Science is now taking a closer look at ingestible ceramides and the body of research continues to grow, with evidence demonstrating that the oral use of ceramides is highly effective at working internally to strengthen and repair the skin barrier from within the body.
One clinical study looked at Ceramosides, a proprietary extract from Seppic that contains natural ceramides and digalactosyl diglycerides (DGDG). DGDG has been shown to improve the bioavailability and absorption of ceramides.
The study showed that Ceramosides significantly improved skin moisturisation by more than 16% compared with a placebo after just 15 days, and more than 21% after 2 months.
Efficacy was also validated by the study subjects, with 75% of participants reporting that they felt a lessening of pulling sensations, whereas 80% noticed a reduction in skin scales.
The double-blind clinical trial demonstrated significant wrinkle reduction after 2 weeks of supplementation with Ceramosides and reported a 26% improvement in skin elasticity compared with a placebo after 2 months of use.2
Research firm Mordor Intelligence valued the global nutricosmetics market at $6925 million in 2020, predicting a CAGR of more than 8% for the forecast period of 2021 to 2026 and anticipating that North America would show the highest CAGR compared with other regions.3
Some of the key factors driving this growth include an ageing population, as well as young consumers — particularly millennials — embracing the category. There is a clear understanding in the minds of consumers regarding the wellness/beauty connection.
A broad range of consumers can benefit from ceramides-from-within. The natural ageing process contributes to a weakening of the skin barrier. With time, ceramide levels decrease and the body’s ability to produce lipids (oils) diminishes.
Genetics also play a role in determining the strength of the barrier. In addition, sometimes, even the best-intended skincare routines may be too aggressive and activities such as over-cleansing or the use of peels and exfoliants can damage the stratum corneum. Even stress and lack of quality sleep can wreak havoc on skin and weaken the skin barrier.
According to SPINS data, one of the top healthcare trends for 2021 is “Beauty Expanding to New Categories,” noting significant opportunities for innovation in nutricosmetic supplements, as well as functional foods and beverages with skin and beauty benefits.4
Brands looking to meet consumer demand for healthy ageing solutions that address skin health at a deeper level should consider including ceramides in nutraceutical and functional applications.
Ingestible ceramides have a number of advantages compared with topical options, including the ability of the ceramides to travel throughout the bloodstream and provide full-body skin support.
When sourcing ceramides to be ingested orally, work with trusted suppliers that take science seriously and can provide clinical studies to prove product efficacy and test results for purity, quality and safety.

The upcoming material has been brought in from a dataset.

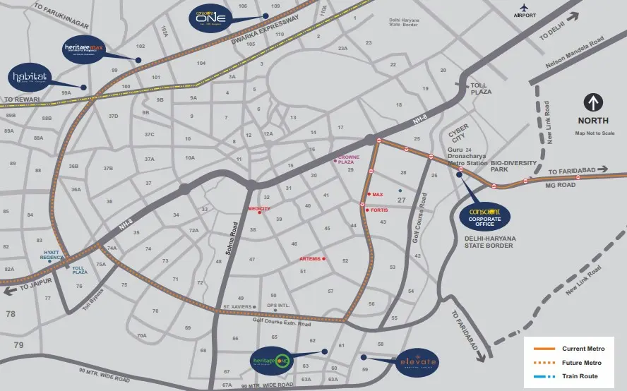 Sector 109 Gurgaon sits along the Dwarka Expressway corridor, a major growth route linking Gurgaon with Delhi and other infrastructure zones. Conscient One benefits from this location because access toward the Delhi border, Dwarka and IGI Airport improves its practical value for both businesses and visitors. As connectivity in this corridor strengthens further, the address continues to gain importance within Gurgaon's broader commercial map.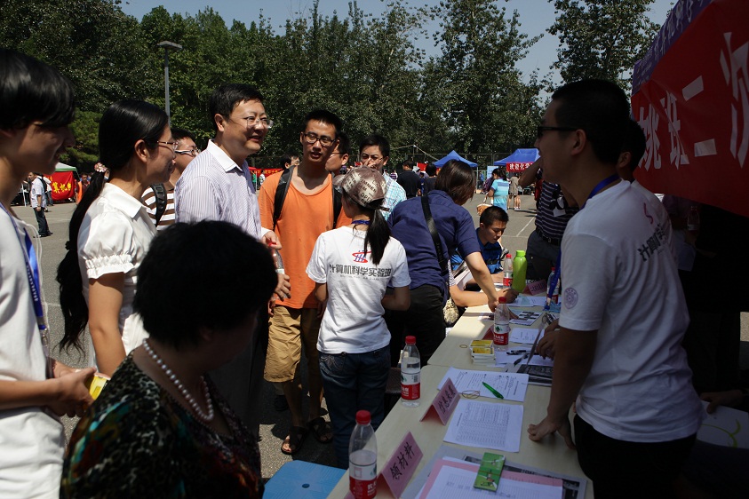 在8月15日一早,交叉信息院已录取新生报到暨2012年姚班二次招生工作即拉开了序幕,新同学们怀着饱满的热情踏入了清华园的大门。上午10点,校长陈吉宁和校党委书记胡和平等校领导亲赴新生入学报到地点,看望前来报到的新生和家长们,并慰问参与迎新工作的师生员工。在综合体育馆西侧网球场,陈吉宁校长亲切向新同学询问报到情况和体育锻炼情况,当得知我院2012级的张天翼等许多同学都是独自来到学校报到,陈校长非常高兴,他鼓励同学们要继续培养独立生活的能力,进而培养独立思考的人格。在紫荆学生公寓区,胡和平书记来到我院姚班二次招生分报名点询问招生和迎新情况,翻阅姚班招生宣传材料,并和学生志愿者亲切交谈。

Phytoceramides are plant-based ceramides; they are natural, vegan and preferred by the majority of consumers compared with other forms. To meet additional clean-label requirements, look for ceramide ingredients that are non-GMO organic, and contain no additives or preservatives.
Ceramides may be found in oil and powder forms, and it is important to ensure that the ingredient form is properly suited for the product delivery format. For example, powders are great for tablets, hard capsules, mix-in powders and beverages, whereas an oil form works well in softgels and gummies.
With the significant growth in demand for healthy ageing and beauty-from-within solutions that are natural and effective, ingestible phytoceramides are perfectly poised for innovation and growth.
These unique compounds are required to ensure skin barrier integrity and may be effectively replenished through supplementation. A large and growing body of science continues to provide evidence and validation for the efficacy of ceramides-from-within to support skin health and help to promote healthy skin ageing.